Our results indicated that *AutScore* is highly efficient in detecting clinically relevant ASD variants. Using its most effective cut-off (i.e., ≥12), it achieves an overall diagnostic yield of 11.9%, comparable to results from prior studies [5,21,22]. We showed that *AutScore* outperforms the existing NDD variant prioritization tool, *AutoCasC* [14], in detecting clinically relevant ASD candidate variants. The higher accuracy of *AutScore* compared to *AutoCasC* is likely because it was explicitly designed to detect ASD candidate variants. At the same time, *AutoCasC* focuses on prioritizing candidate variants related to a broader range of NDDs.

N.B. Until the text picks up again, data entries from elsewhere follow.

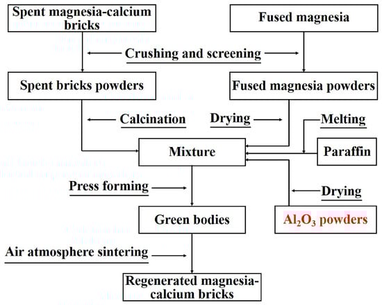The synthetic process flow chart of regenerated magnesia-calcium bricks with Al2O3 powder addition.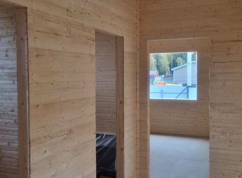 • Стены: каркасно-щитовые, обшиваются снаружи Имитацией бруса, а внутри сухой Вагонкой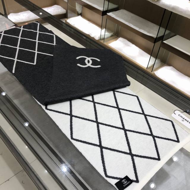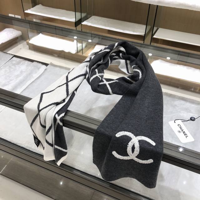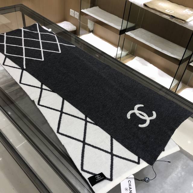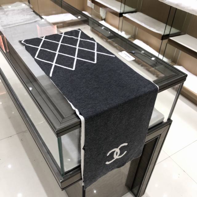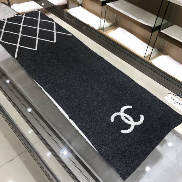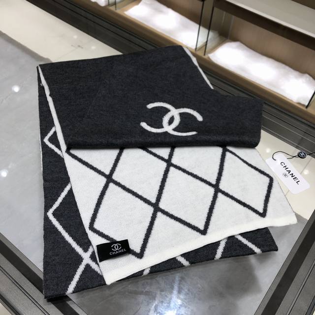 Dark gray Chanel classic diamond design double-sided color new cashmere knitted scarf original craftsmanship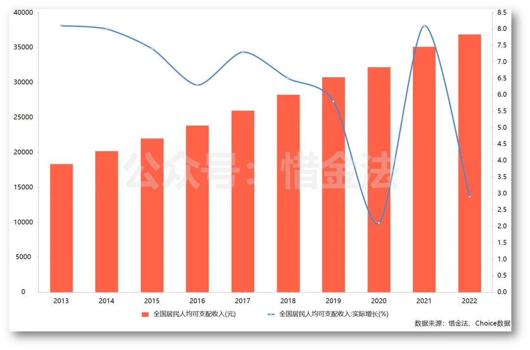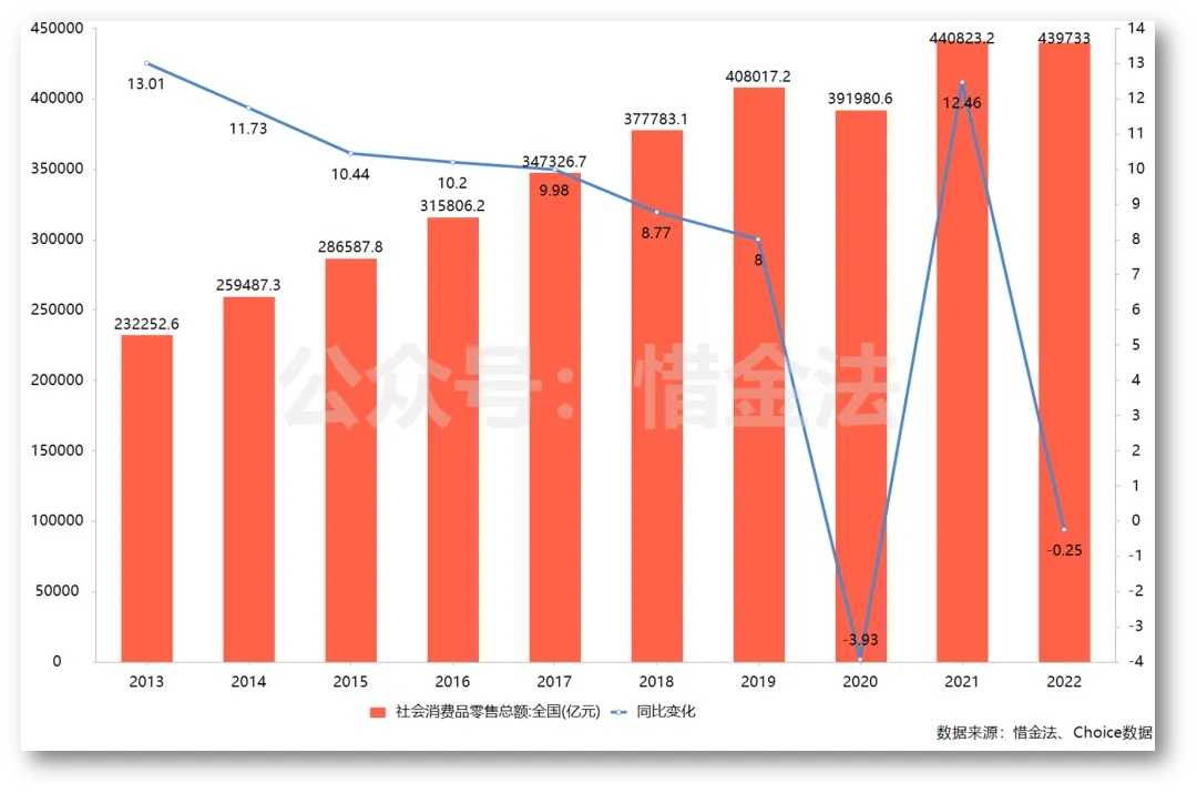 昨日早晨,国家统计局发布《2022年国民经济和社会发展统计公报》,数据涵盖国内生产总值GDP、人口、就业、外汇、城镇化率等。数据比较多,君郁就不一一复制,挑几个重要的和大家说下:去年网友担心“消费降级”,本次发布人均可支配收入同比增速放缓,可以感受到去年经济增长压力和2020年差不多。不过,依然是保持5%增长(扣除价格因素实际2.9%),大家手里的钱还是比之前充裕。可能存在舍不得花的情况,但应该没达到口袋钱变少而降级的程度。按消费类型统计,商品零售额增长0.5%,餐饮收入额下降6.3%。(可见疫情对整个餐饮产业链影响之大。)全年限额以上单位商品零售额中,粮油、食品类零售额比上年增长8.7%,饮料类增长5.3%,烟酒类增长2.3%,服装、鞋帽、针纺织品类下降6.5%,化妆品类下降4.5%,金银珠宝类下降1.1%,日用品类下降0.7%,家用电器和音像器材类下降3.9%,中西药品类增长12.4%,文化办公用品类增长4.4%,家具类下降7.5%,通讯器材类下降3.4%,石油及制品类增长9.7%,汽车类增长0.7%,建筑及装潢材料类下降6.2%。常有同学说不知道怎么选能长期上涨的“好行业”,教你们一个技巧,从零售额升降数据,就可以选出“下游零售行业”的长牛赛道。如2022年数据,消费增长中,食品饮料增长依然是很稳健的;中西药高增长受益于疫情和流感盛行;文化办公用品增长倒是意想不到,原本以为“双减”政策影响下数据会减弱,实际并非如此。

The following limitations should be considered when using *AutScore*. First, the *AutScore* metric was established using a trial-and-error approach, assigning certain weights and penalties to its different elements. It is possible to mitigate this inherent subjectivity using a machine learning model-based prioritization score. Since such models require larger datasets of true ASD variants, we plan to upgrade to *AutScore* when such datasets are available. Second, *AutScore* is constrained to specific genes from the DisGeNET [31] and SFARI Gene [30] databases. Consequently, it might have missed some potential candidate variants in genes not cataloged in these databases. Third, the performance of *AutScore* data has not been assessed in WGS data. Hence, caution should be taken when applying this ranking tool to prioritize ASD candidate variants derived from WGS data. Fourth, the estimates derived from *AutScore,* including accuracy, PPV, and yield, were computed based on WES data from an ASD cohort within the Israeli population. Thus, these estimates could vary in other populations. Lastly, *AutScore* may not function optimally in cases involving probands with incomplete pedigree information and unknown segregation patterns.

## Conclusion

*AutScore* constitutes a highly effective automated ranking system designed to prioritize ASD candidate genetic variants in WES data. The utilization of *AutScore* holds the potential to significantly streamline the process of elucidating the specific genetic etiology of ASD within affected families. In doing so, it can contribute to expediting and enhancing the accuracy of clinical management and treatment strategies, ultimately leading to more effective interventions in the context of ASD.

## Supporting information

List of variants with AutScore values [[supplements/301544_file02.xlsx]](pending:yes)

## Data Availability

WES data were generated as part of the ASC and are available in dbGaP with study accession: phs000298.v4.p3. All the codes will be available upon reasonable request to the corresponding author.

## Declarations

### Institutional Review Board Statement

The study was conducted according to the guidelines of the Declaration of Helsinki and approved by the Ethics Committee of Soroka University Medical Center (SOR-076-15; 17 April 2016).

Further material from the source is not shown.